At the mention of her sister, he frowned. "How is that disrespectful sister of yours?"

"Disrespectful," Elizabeth replied, thinking that it was time for her to mend her fences with Lilah. It wasn't Lilah's fault that Thad Randolph had turned out to be a rat.

"Lunch?" Adam asked, snapping her out of her thoughts.

"Lunch? Uh, no, thank you, Adam. I don't have anyone to mind the shop if I go out. I usually brown-bag it here."

"Close for an hour. Please. I've been giving our evening together a lot of thought." His voice took on a mysterious pitch and his brown eyes danced with secrecy. "There's something very important I want to discuss with you."

Half an hour later, Elizabeth was picking at a salad she had built from the Garden Room's noon buffet. Adam and she were sitting at a corner table where two glass walls intersected to provide a great view of the city's skyline.

"Well?"

"I don't know, Adam. You've taken me completely off guard."

"You can't be too surprised by my proposal."

"But I am." She lifted troubled china-blue eyes to his inquiring ones. "I've never considered opening another Fantasy. This one takes so much time and energy."

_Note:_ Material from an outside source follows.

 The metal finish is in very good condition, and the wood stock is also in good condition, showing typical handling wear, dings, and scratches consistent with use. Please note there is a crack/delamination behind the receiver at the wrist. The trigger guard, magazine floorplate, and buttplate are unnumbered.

"I can appreciate that," he said, after taking a sip of his iced water. "I took your situation into consideration. I realize that being a widow with two children isn't exactly conducive to owning and operating businesses in several cities at the same time. But I'm confident you can handle it."

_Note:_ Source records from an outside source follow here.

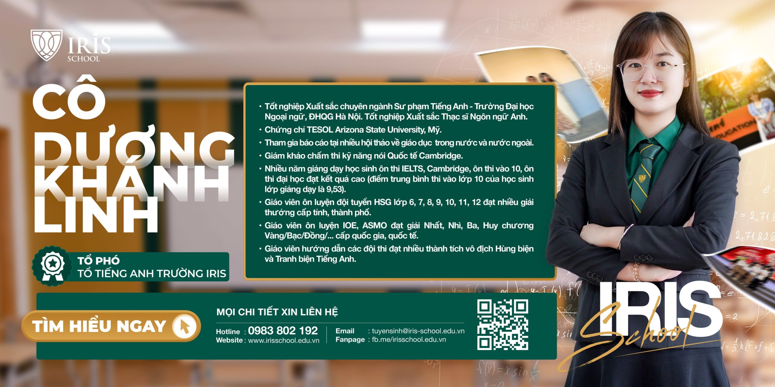 Teach the leaner, not just the language – Đó là triết lý giảng dạy mà cô Dương Khánh Linh, Tổ phó Tổ Tiếng Anh phụ trách cấp THCS và THPT luôn coi là kim chỉ nam trong hành trình đồng hành và phát triển cùng học sinh tại Trường Iris. Với cô, dạy tiếng Anh không chỉ là dạy ngôn ngữ, mà là đồng hành cùng học sinh khám phá bản thân, thể hiện tiếng nói riêng và xây dựng bản lĩnh trong một thế giới không ngừng biến động.
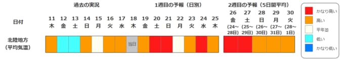 北陸地方の向こう2週間の気温は、寒気の影響が弱く、暖かい空気が流れ込む日もあるため高く、かなり高くなる日もあるでしょう。
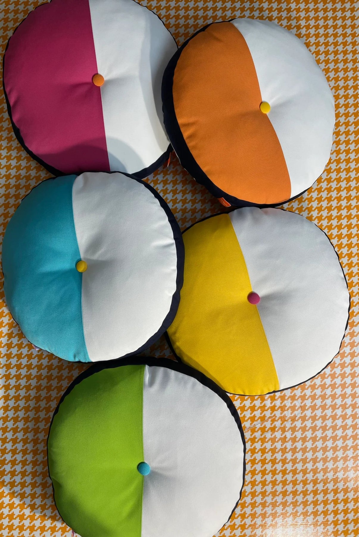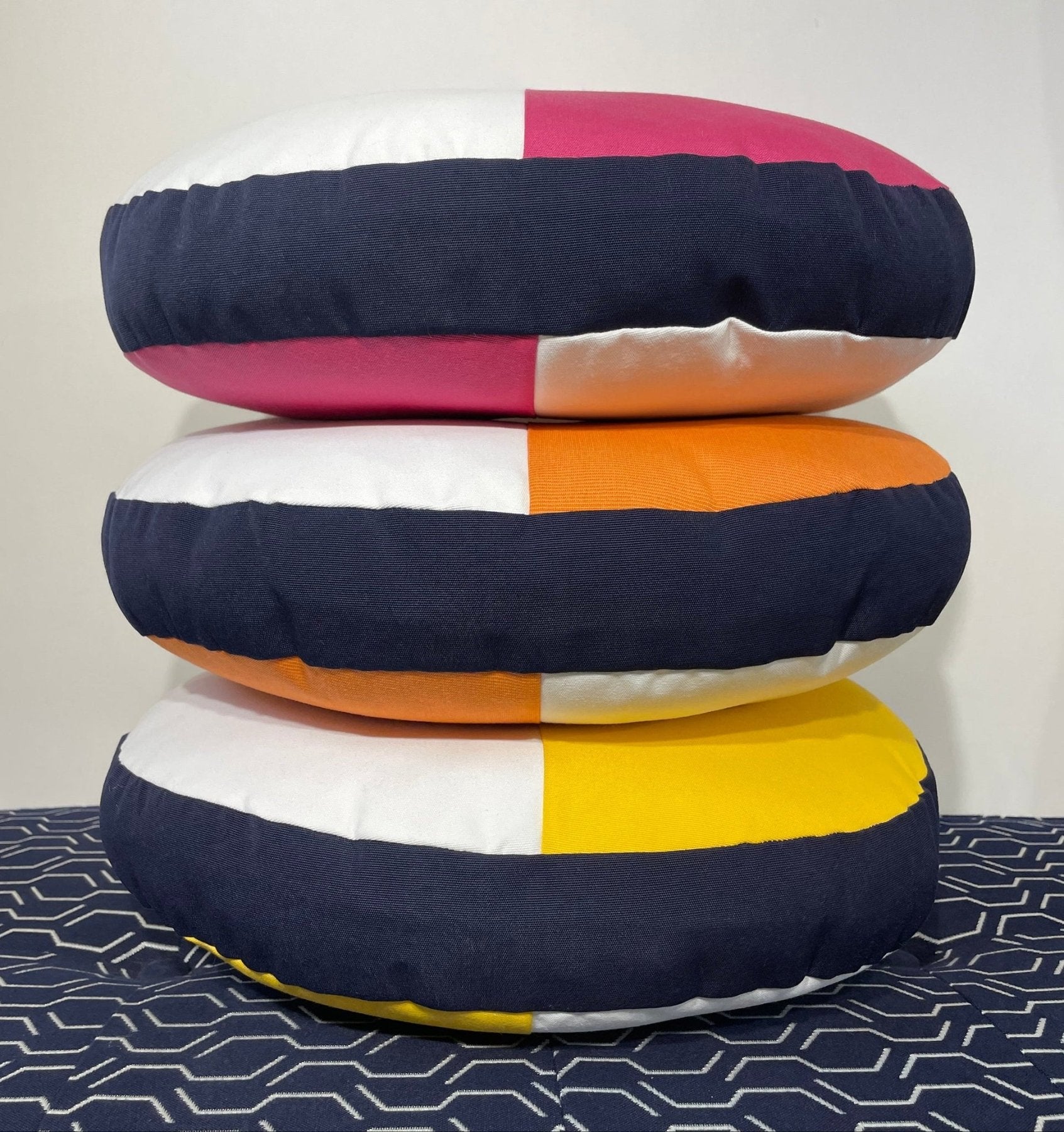 Our Splits Circle Pillow is a fun and functional decorative pillow. It features a split front and back in Macaw and White with Navy side panel and Aruba fabric covered buttons.

Though the idea of opening several more Fantasy shops had come as a complete surprise, she was flattered. In spite of her myriad reservations, the idea had piqued an ambitious streak she hadn't known she had.

Leaning forward in his chair, Adam stressed his point. "Fantasy is the biggest money-maker, percentage-wise, of any of our lessees. That impresses me. You impress me. I can't find a single fault with you. Other than a little daydreaming," he teased. "You've tapped into a unique market. You buy intuitively. People will pay a quality price for a quality product. And the demographics show that the people who stay at my hotels are accustomed to doing everything first class."

"But I — "

He held up both hands to forestall her. "I'm saving a space for you in the lobby of the new Hotel Cavanaugh Chicago. Soon, I want to install your shops in other cities."